▶ **Exercise**: All of the data should be copied exactly, with the pictures left out.

▶ **Records supplied**:
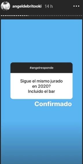 Ángel de Brito se encargó de anunciar la primera información. El periodista respondió a varias preguntas de sus seguidores, quienes están ansiosos por saber los nombres de las personas que integrarán el jurado, el BAR y también quiénes serán los participantes en 2020.
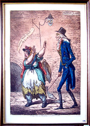 From Catalogue of political and personal satires preserved in the Department of Prints and Drawings in the British Museum: vol VIII - 1801-1810: "A street scene lit by a lamp projecting from a high brick wall: Maiden Lane. A tall man, very thin and pale, walks (r. to l.), wearing spectacles, a cane in his r. hand. His shoulders are thickly sprinkled with powder. He terrifies an Irish fishwife, who holds up both arms to avert the spectre, turning away with a terrified stare, saying Governor Wall's Ghost! by J.....s! Her basked of fish falls to the ground. The man is corpse-like, and his clothes seem to hang on a skeleton. The woman is stout and very ragged. Besider her a tunnel penetrates the wall, slanting down from street level, under an arch inscribed Cyder Cell[ars], a famous night resort in Maiden Lane.
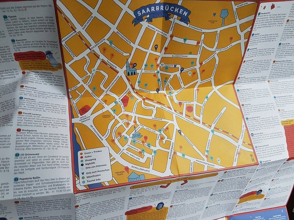 Beim Wirtschaftsministerium stößt die Kritik der Saarbrücker Geschäftswelt jedenfalls auf taube Ohren: Es handle sich nicht um eine Auftragsarbeit, sagte eine Sprecherin der Saarbrücker Zeitung und auch uns. Die Karte ist der Gewinnerbeitrag des Wettbewerbs Bunte Visionäre in dessen Rahmen Beiträge gesucht wurden, die über die Grenzen des Saarlandes hinweg Kreativität in unserem Land beweisen.
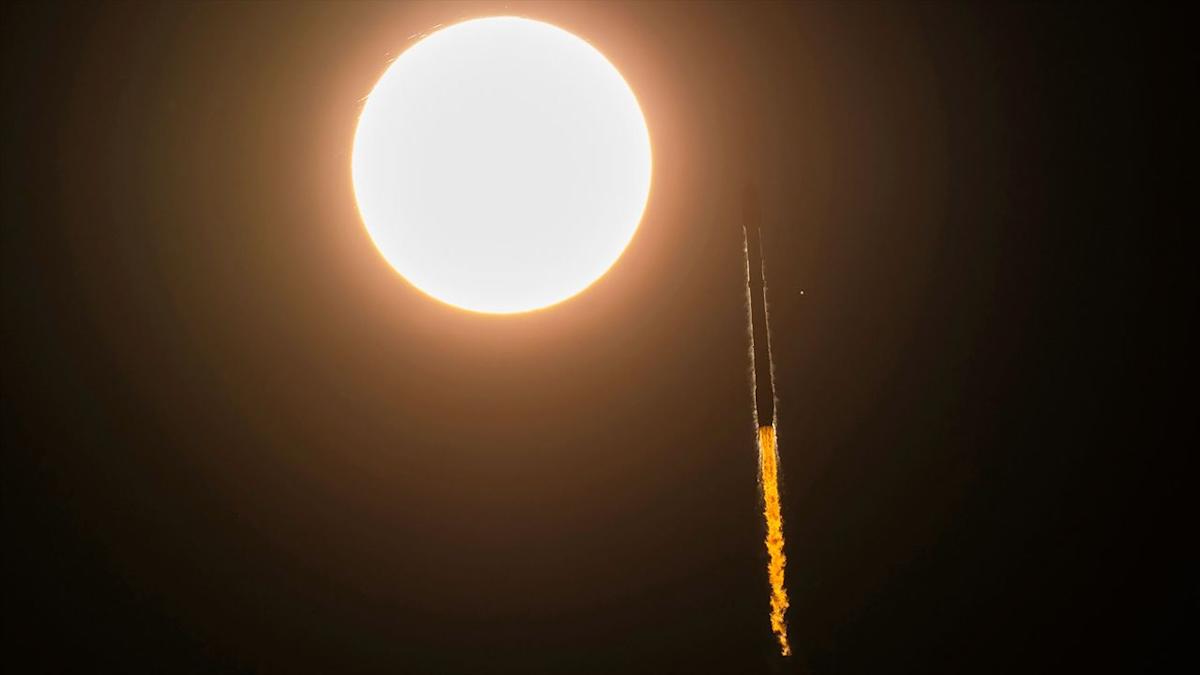 يتم تصوير صاروخ Spacex Falcon 9 الذي يحمل 28 STARLINK في مدار منخفض الأرض حيث يبدو أنه يطير بجوار الشمس من محطة Cape Canaveral Force Force في فلوريدا يوم الأحد 31 أغسطس 2025. | الائتمان: SpaceX
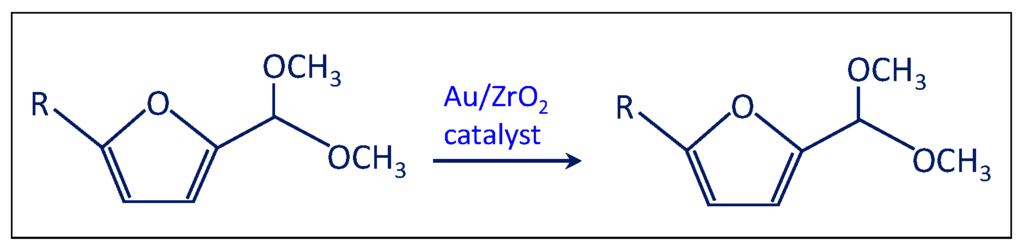 - The solution was filtered and separated from zirconia after the test at point (iii) and performed in the presence of the bare support. Then the solution of acetal in methanol was charged in the autoclave in the presence of the Au/ZrO2 catalyst in order to verify if the acetal molecule can be converted in the furoate over the catalyst under reaction conditions. According to Scheme 5, only acetal was found after the catalytic test. Hence, the results indicate that furfural can be converted into acetal in the presence of the bare support, but acetal, due to its stability, cannot be transformed into the desired furoate.

▶ **Result**:
 Ángel de Brito se encargó de anunciar la primera información. El periodista respondió a varias preguntas de sus seguidores, quienes están ansiosos por saber los nombres de las personas que integrarán el jurado, el BAR y también quiénes serán los participantes en 2020.
 From Catalogue of political and personal satires preserved in the Department of Prints and Drawings in the British Museum: vol VIII - 1801-1810: "A street scene lit by a lamp projecting from a high brick wall: Maiden Lane. A tall man, very thin and pale, walks (r. to l.), wearing spectacles, a cane in his r. hand. His shoulders are thickly sprinkled with powder. He terrifies an Irish fishwife, who holds up both arms to avert the spectre, turning away with a terrified stare, saying Governor Wall's Ghost! by J.....s! Her basked of fish falls to the ground. The man is corpse-like, and his clothes seem to hang on a skeleton. The woman is stout and very ragged. Besider her a tunnel penetrates the wall, slanting down from street level, under an arch inscribed Cyder Cell[ars], a famous night resort in Maiden Lane.
 Beim Wirtschaftsministerium stößt die Kritik der Saarbrücker Geschäftswelt jedenfalls auf taube Ohren: Es handle sich nicht um eine Auftragsarbeit, sagte eine Sprecherin der Saarbrücker Zeitung und auch uns. Die Karte ist der Gewinnerbeitrag des Wettbewerbs Bunte Visionäre in dessen Rahmen Beiträge gesucht wurden, die über die Grenzen des Saarlandes hinweg Kreativität in unserem Land beweisen.
 يتم تصوير صاروخ Spacex Falcon 9 الذي يحمل 28 STARLINK في مدار منخفض الأرض حيث يبدو أنه يطير بجوار الشمس من محطة Cape Canaveral Force Force في فلوريدا يوم الأحد 31 أغسطس 2025. | الائتمان: SpaceX
 - The solution was filtered and separated from zirconia after the test at point (iii) and performed in the presence of the bare support. Then the solution of acetal in methanol was charged in the autoclave in the presence of the Au/ZrO2 catalyst in order to verify if the acetal molecule can be converted in the furoate over the catalyst under reaction conditions. According to Scheme 5, only acetal was found after the catalytic test. Hence, the results indicate that furfural can be converted into acetal in the presence of the bare support, but acetal, due to its stability, cannot be transformed into the desired furoate.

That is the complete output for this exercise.